= PROBLEM TO WORK ON =
Set down the data below from its first line to the line holding "The last screen", inclusive; omit all pictures.

===============

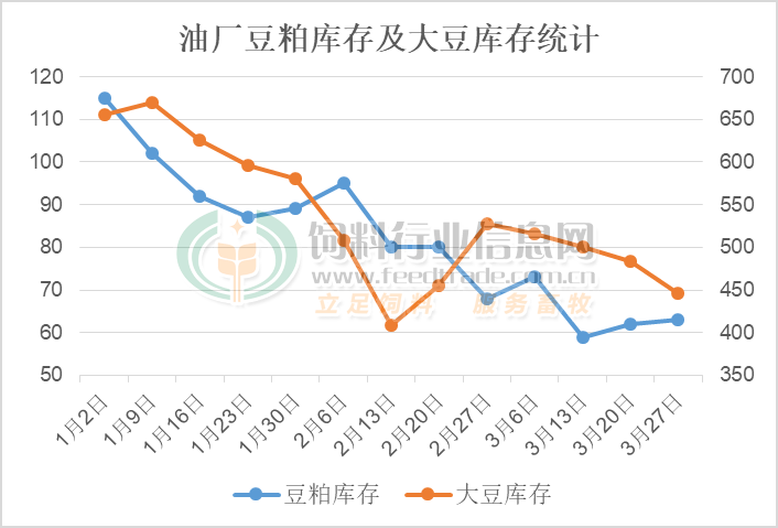 受通關的進口大豆數量較少影響,部分油廠因大豆短缺減產停機等待大豆到廠后才能開工壓榨產生豆粕。雖然生豬及家禽養殖需求逐漸清淡且養殖虧損,但飼料養殖企業剛性需求備貨消耗的豆粕較多,導致油廠豆粕庫存維持在偏低的水平。據國家糧食和物資儲備數據中心監測顯示,截止3月27日,全國主要油廠豆粕庫存63萬噸,繼續處于偏低的水平。不過隨著后期通關大豆數量增多,養殖端對豆粕需求數量將不及油廠豆粕產量,屆時庫存將處于增加的趨勢。
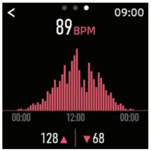 The last screen in the heart rate app on your watch shows a graph of your average heart rate and will show your highest recorded heart rate value and your lowest recorded value.
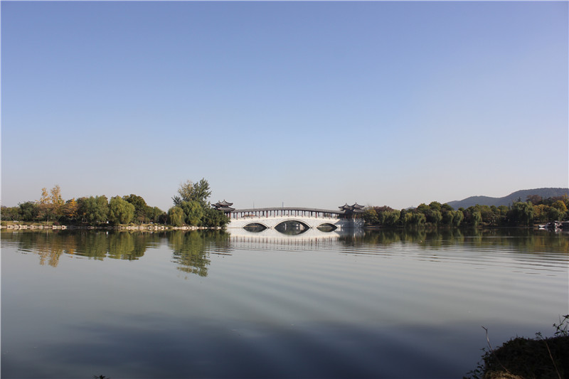 蘇公島是2006年在小南湖修建的一個小島,蘇公島北與南湖別苑銜接,東與鳴鶴洲相通,以東坡文化為主題,將湖面分為蘇公文苑景區、蘇公雕像景區、東坡足跡景區、醉月壇景區。此時的蘇公島,正值深秋時節,由于種植的是一些長青的植物,倒是沒有蕭瑟凄涼之感,秋天是收獲的季節,正如現在的我們,經過一年的努力,快到了檢驗成果的時刻。
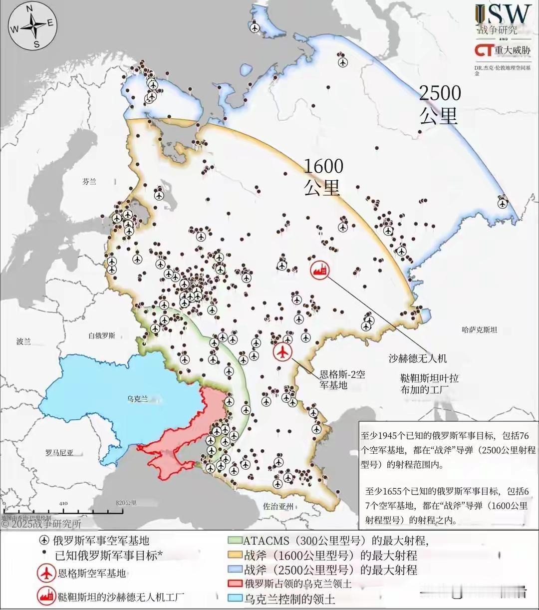 “战斧”式巡航导弹,能打击俄罗斯纵深的哪些目标? 美国战争研究所绘制的示意图,从这张打击范围图可见,2500公里射程的战斧导弹可覆盖俄境内至少1945个军事目标,包括76个空军基地及沙赫德无人机工厂等关键设施,理论上能威胁俄工业区与能源体系。 但实战中其威慑力仍有限:一方面,美方受成本与欧洲态度制约,难大规模交付;另一方面,俄会强化S-400等防空系统,并通过分散布局、备用设施削弱打击实效。且特朗普援乌更多是讹诈手段,乌克兰即便获得也因俄方反制升级(如打击乌领导层、核力量演示)不敢轻易动用。 归根结底,单一武器的射程优势难突破双方战略平衡,战斧最多是地缘博弈的筹码,无法真正左右俄乌战局走向。
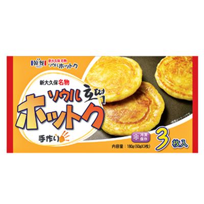[原材料] 小麦粉、黒砂糖、もち米粉、全粉乳、砂糖、ぶどう糖、とうもろこし粉、食用大豆油、ピーナッツパウダー、ひまわり種、食塩、酵母、シナモン、かぼちゃ種、甘味料(ステビア) [商品説明] ホットクは、シナモン入りの黒砂糖をパン生地で包んで焼いた屋台スイーツの代表格。甘みが広がって、もちもちおいし〜いです。
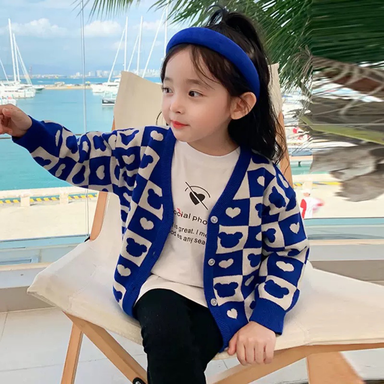아동복 여아 니트 가디건 2025 이른 봄 새로운 스타일 외국 스타일 Klein Blue 패션 스웨터 재킷스토어 가기
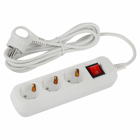 Сетевой удлинитель в пластиковом корпусе оснащен 3 розетками с заземлением. Корпус выполнен из негорючего пластика. На корпусе расположен выключатель. Толщина жил кабеля – 3x0,75 мм, длина кабеля – 3 м, номинальное напряжение – 220 Вт, максимальный ток нагрузки – 10 А, суммарная мощность нагрузки – 2200 Вт.
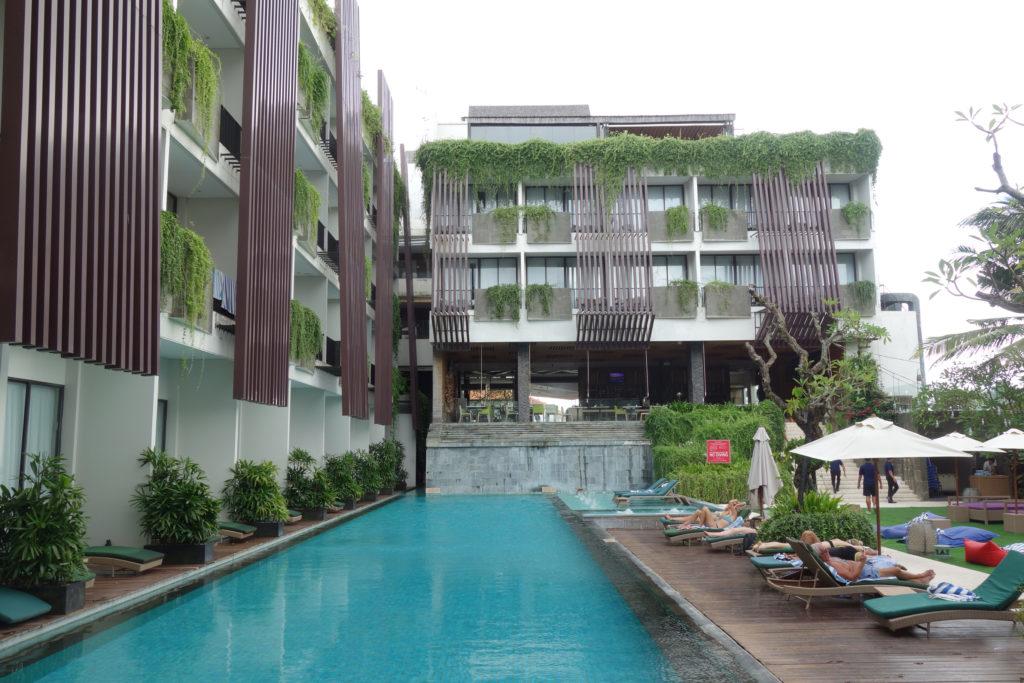В Four Points есть симпатичный бассейн, а рядом с ним – бар Splash. Если другие резорты на Бали, которые я посетил во время этого путешествия, не были заполнены гостями, то в Four Points было полно туристов, и все лежаки у бассейна постоянно были заняты.

===============

= ANSWER TO THIS PROBLEM =
 受通關的進口大豆數量較少影響,部分油廠因大豆短缺減產停機等待大豆到廠后才能開工壓榨產生豆粕。雖然生豬及家禽養殖需求逐漸清淡且養殖虧損,但飼料養殖企業剛性需求備貨消耗的豆粕較多,導致油廠豆粕庫存維持在偏低的水平。據國家糧食和物資儲備數據中心監測顯示,截止3月27日,全國主要油廠豆粕庫存63萬噸,繼續處于偏低的水平。不過隨著后期通關大豆數量增多,養殖端對豆粕需求數量將不及油廠豆粕產量,屆時庫存將處于增加的趨勢。
 The last screen in the heart rate app on your watch shows a graph of your average heart rate and will show your highest recorded heart rate value and your lowest recorded value.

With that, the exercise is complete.